ABOUT THIS EXERCISE
Your output must be the lines below from the line containing "The Anna-Kaci Women's" to the line containing "近30期里号码0-9出现开出", both lines included, reproduced exactly and without pictures.

INPUT DATA below:

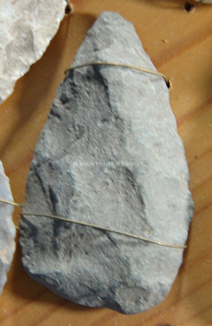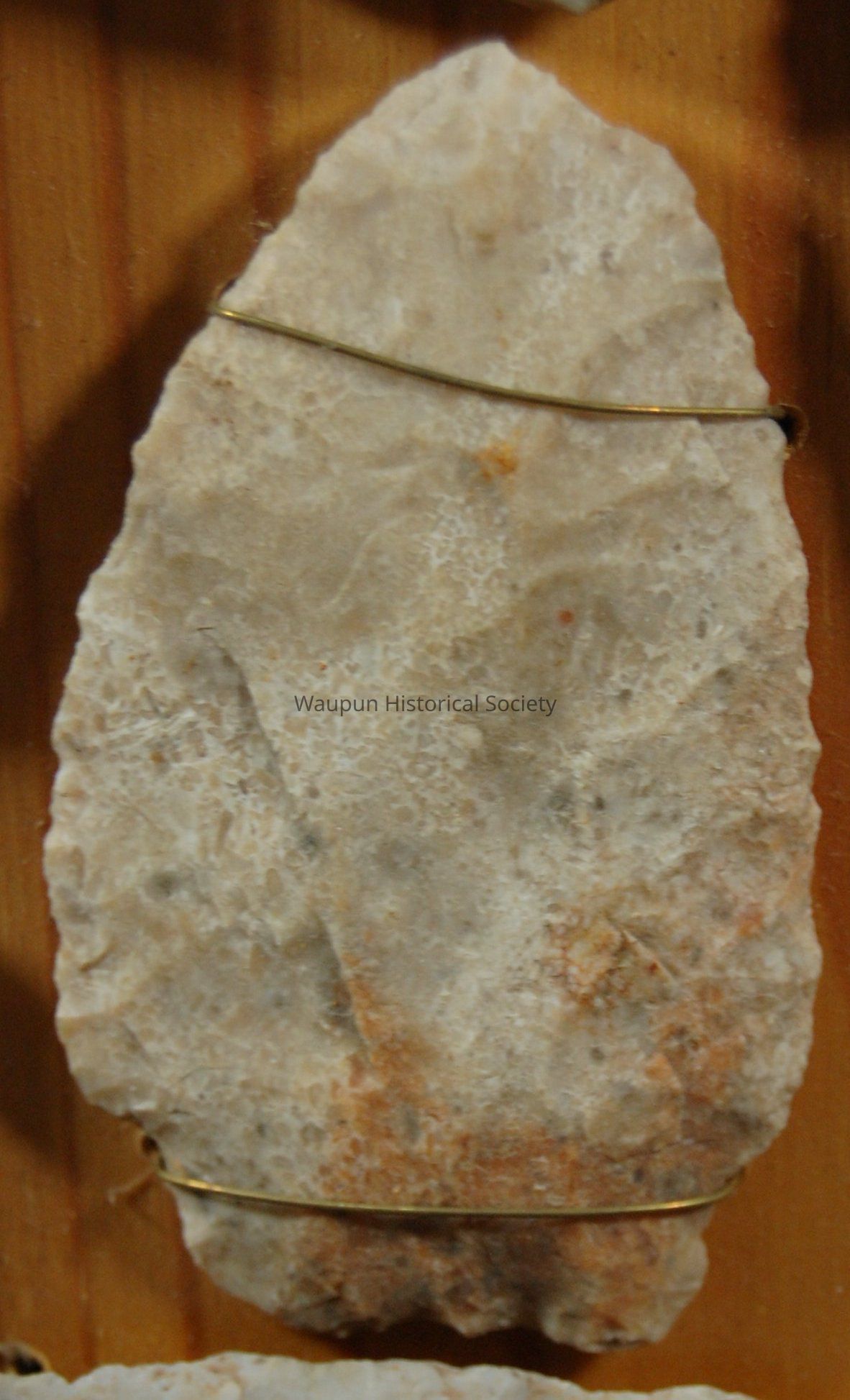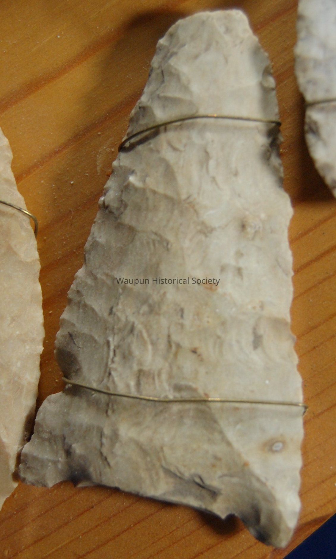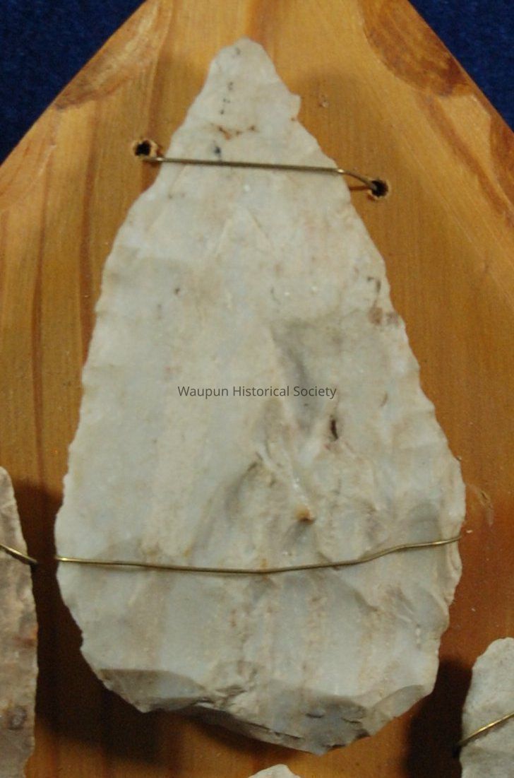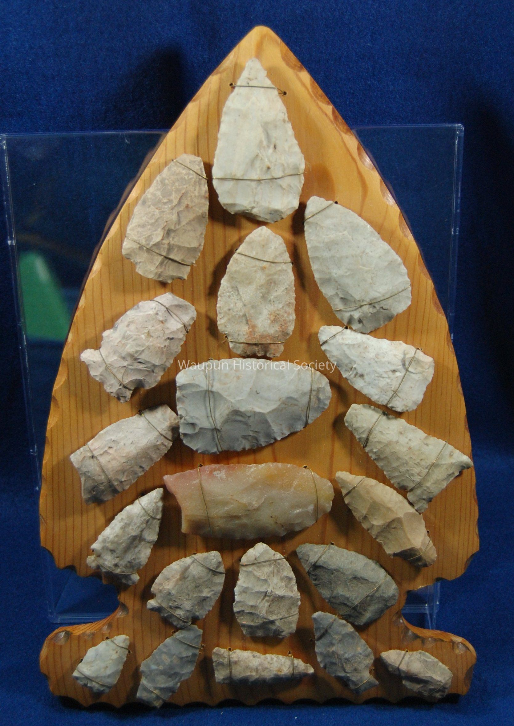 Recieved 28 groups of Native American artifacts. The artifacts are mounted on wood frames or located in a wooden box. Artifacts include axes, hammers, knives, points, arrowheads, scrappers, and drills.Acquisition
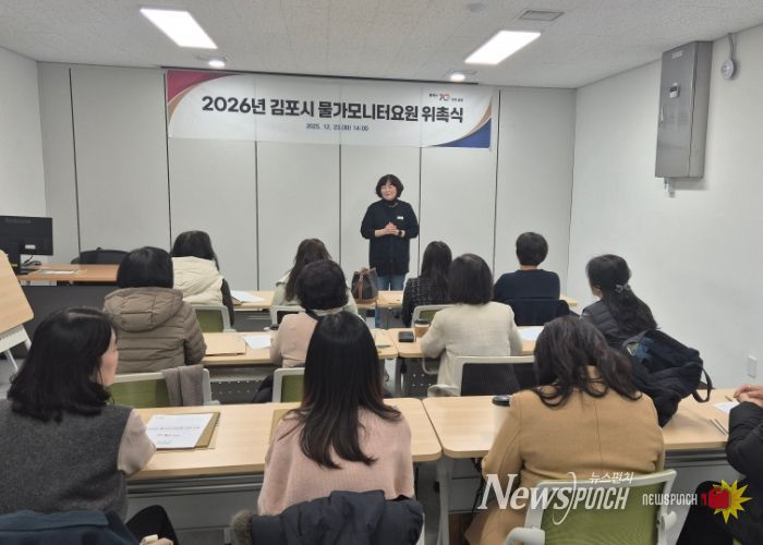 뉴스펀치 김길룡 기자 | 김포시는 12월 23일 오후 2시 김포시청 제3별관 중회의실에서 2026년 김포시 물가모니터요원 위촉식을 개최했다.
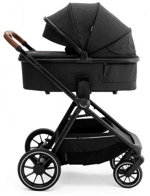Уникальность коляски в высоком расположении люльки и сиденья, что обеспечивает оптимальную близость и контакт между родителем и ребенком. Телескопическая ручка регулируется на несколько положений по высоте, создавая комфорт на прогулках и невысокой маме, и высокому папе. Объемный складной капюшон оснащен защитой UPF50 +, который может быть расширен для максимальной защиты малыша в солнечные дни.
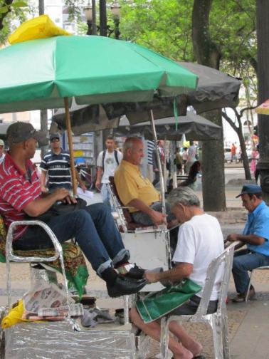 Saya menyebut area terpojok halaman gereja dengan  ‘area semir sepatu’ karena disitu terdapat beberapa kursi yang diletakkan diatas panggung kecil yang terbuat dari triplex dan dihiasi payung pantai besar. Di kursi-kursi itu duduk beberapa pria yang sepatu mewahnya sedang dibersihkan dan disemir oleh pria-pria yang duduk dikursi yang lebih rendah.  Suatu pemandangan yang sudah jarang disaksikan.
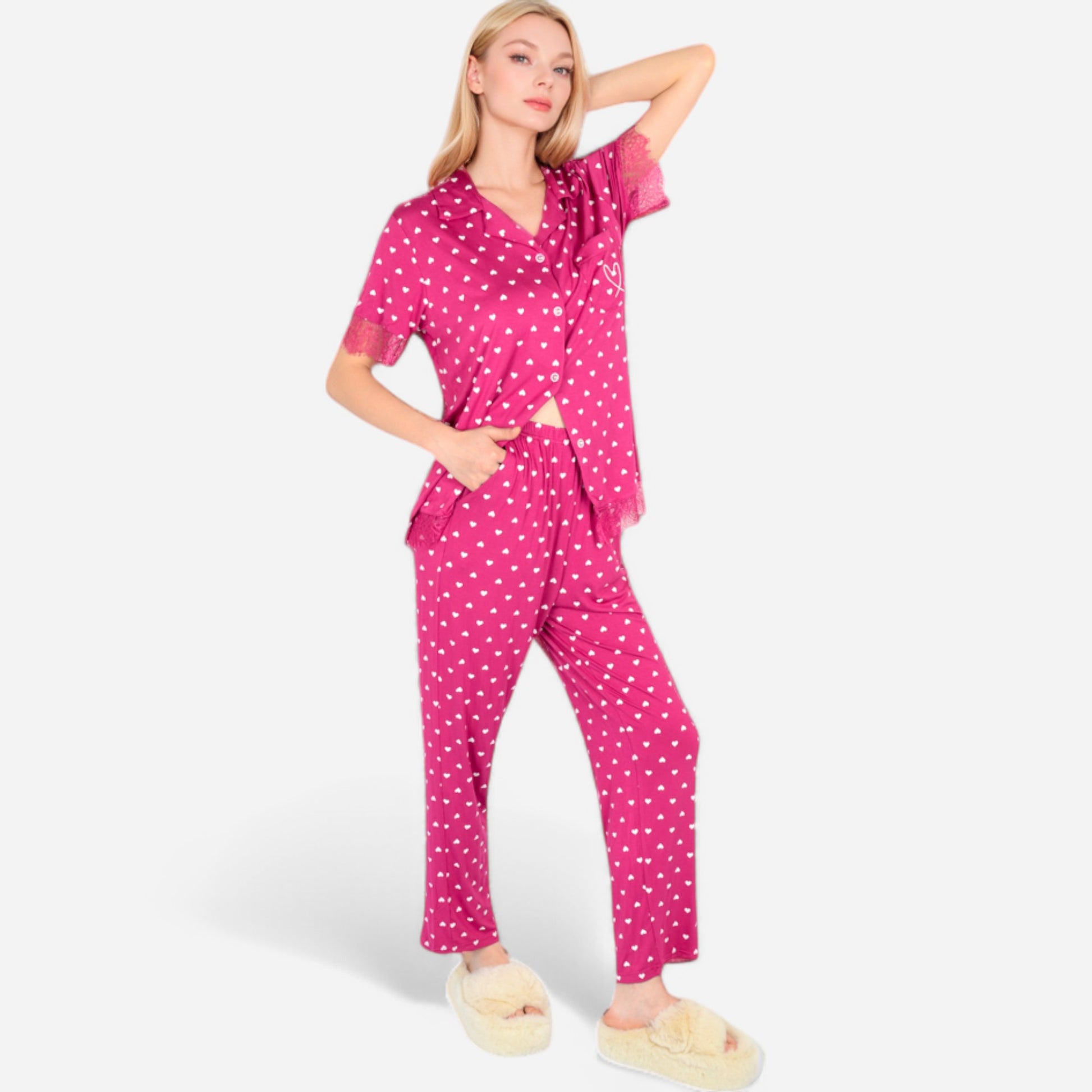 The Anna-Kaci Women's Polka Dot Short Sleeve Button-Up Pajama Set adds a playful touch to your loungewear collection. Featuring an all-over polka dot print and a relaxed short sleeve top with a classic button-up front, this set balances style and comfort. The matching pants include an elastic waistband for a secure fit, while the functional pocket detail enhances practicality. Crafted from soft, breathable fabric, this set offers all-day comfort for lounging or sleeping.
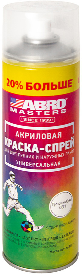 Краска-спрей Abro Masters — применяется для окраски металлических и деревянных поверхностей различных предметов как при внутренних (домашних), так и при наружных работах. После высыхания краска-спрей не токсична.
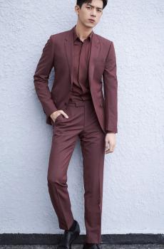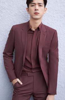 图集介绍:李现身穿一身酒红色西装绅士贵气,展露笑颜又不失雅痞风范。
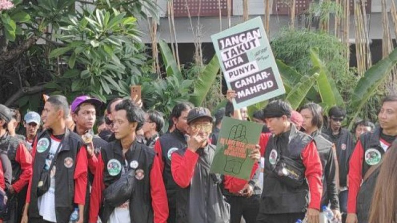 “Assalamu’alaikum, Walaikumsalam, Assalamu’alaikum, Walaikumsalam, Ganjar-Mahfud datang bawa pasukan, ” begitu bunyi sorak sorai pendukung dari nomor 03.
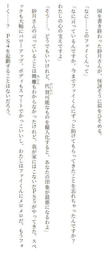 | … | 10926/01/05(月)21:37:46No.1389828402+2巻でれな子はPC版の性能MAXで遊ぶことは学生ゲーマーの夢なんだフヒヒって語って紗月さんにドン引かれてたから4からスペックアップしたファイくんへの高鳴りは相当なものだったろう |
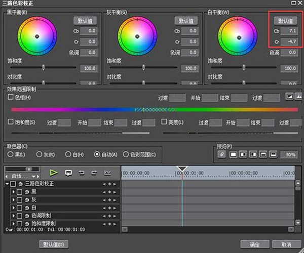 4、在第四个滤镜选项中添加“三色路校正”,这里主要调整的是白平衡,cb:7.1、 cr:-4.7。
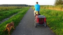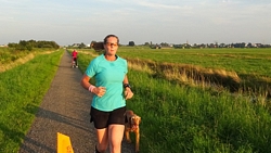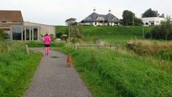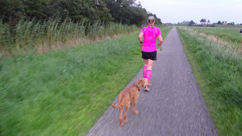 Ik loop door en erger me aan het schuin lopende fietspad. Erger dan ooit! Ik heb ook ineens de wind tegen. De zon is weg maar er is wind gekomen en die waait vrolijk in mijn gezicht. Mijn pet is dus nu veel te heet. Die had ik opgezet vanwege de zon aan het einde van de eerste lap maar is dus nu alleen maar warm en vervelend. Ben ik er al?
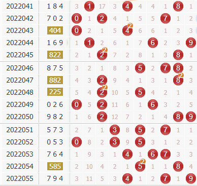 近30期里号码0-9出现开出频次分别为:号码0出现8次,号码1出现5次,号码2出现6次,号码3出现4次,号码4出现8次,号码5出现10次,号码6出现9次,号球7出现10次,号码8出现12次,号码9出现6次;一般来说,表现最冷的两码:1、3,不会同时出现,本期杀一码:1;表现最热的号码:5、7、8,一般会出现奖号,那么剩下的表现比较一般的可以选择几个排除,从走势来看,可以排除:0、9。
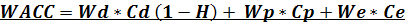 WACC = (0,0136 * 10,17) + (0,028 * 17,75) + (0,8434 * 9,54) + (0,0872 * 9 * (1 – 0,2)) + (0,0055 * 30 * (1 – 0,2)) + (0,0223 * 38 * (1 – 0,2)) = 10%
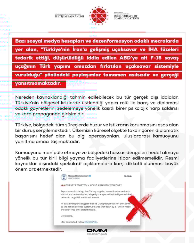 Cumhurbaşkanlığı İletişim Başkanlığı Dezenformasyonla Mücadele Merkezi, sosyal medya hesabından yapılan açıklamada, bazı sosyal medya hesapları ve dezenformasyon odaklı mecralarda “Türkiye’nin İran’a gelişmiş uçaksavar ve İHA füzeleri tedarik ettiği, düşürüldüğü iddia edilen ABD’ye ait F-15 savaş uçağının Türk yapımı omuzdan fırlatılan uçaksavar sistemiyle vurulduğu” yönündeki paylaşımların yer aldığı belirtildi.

End of INPUT DATA.

SOLUTION FOR THIS EXERCISE
 The Anna-Kaci Women's Polka Dot Short Sleeve Button-Up Pajama Set adds a playful touch to your loungewear collection. Featuring an all-over polka dot print and a relaxed short sleeve top with a classic button-up front, this set balances style and comfort. The matching pants include an elastic waistband for a secure fit, while the functional pocket detail enhances practicality. Crafted from soft, breathable fabric, this set offers all-day comfort for lounging or sleeping.
 Краска-спрей Abro Masters — применяется для окраски металлических и деревянных поверхностей различных предметов как при внутренних (домашних), так и при наружных работах. После высыхания краска-спрей не токсична.
 图集介绍:李现身穿一身酒红色西装绅士贵气,展露笑颜又不失雅痞风范。
 “Assalamu’alaikum, Walaikumsalam, Assalamu’alaikum, Walaikumsalam, Ganjar-Mahfud datang bawa pasukan, ” begitu bunyi sorak sorai pendukung dari nomor 03.
 | … | 10926/01/05(月)21:37:46No.1389828402+2巻でれな子はPC版の性能MAXで遊ぶことは学生ゲーマーの夢なんだフヒヒって語って紗月さんにドン引かれてたから4からスペックアップしたファイくんへの高鳴りは相当なものだったろう |
 4、在第四个滤镜选项中添加“三色路校正”,这里主要调整的是白平衡,cb:7.1、 cr:-4.7。
 Ik loop door en erger me aan het schuin lopende fietspad. Erger dan ooit! Ik heb ook ineens de wind tegen. De zon is weg maar er is wind gekomen en die waait vrolijk in mijn gezicht. Mijn pet is dus nu veel te heet. Die had ik opgezet vanwege de zon aan het einde van de eerste lap maar is dus nu alleen maar warm en vervelend. Ben ik er al?
 近30期里号码0-9出现开出频次分别为:号码0出现8次,号码1出现5次,号码2出现6次,号码3出现4次,号码4出现8次,号码5出现10次,号码6出现9次,号球7出现10次,号码8出现12次,号码9出现6次;一般来说,表现最冷的两码:1、3,不会同时出现,本期杀一码:1;表现最热的号码:5、7、8,一般会出现奖号,那么剩下的表现比较一般的可以选择几个排除,从走势来看,可以排除:0、9。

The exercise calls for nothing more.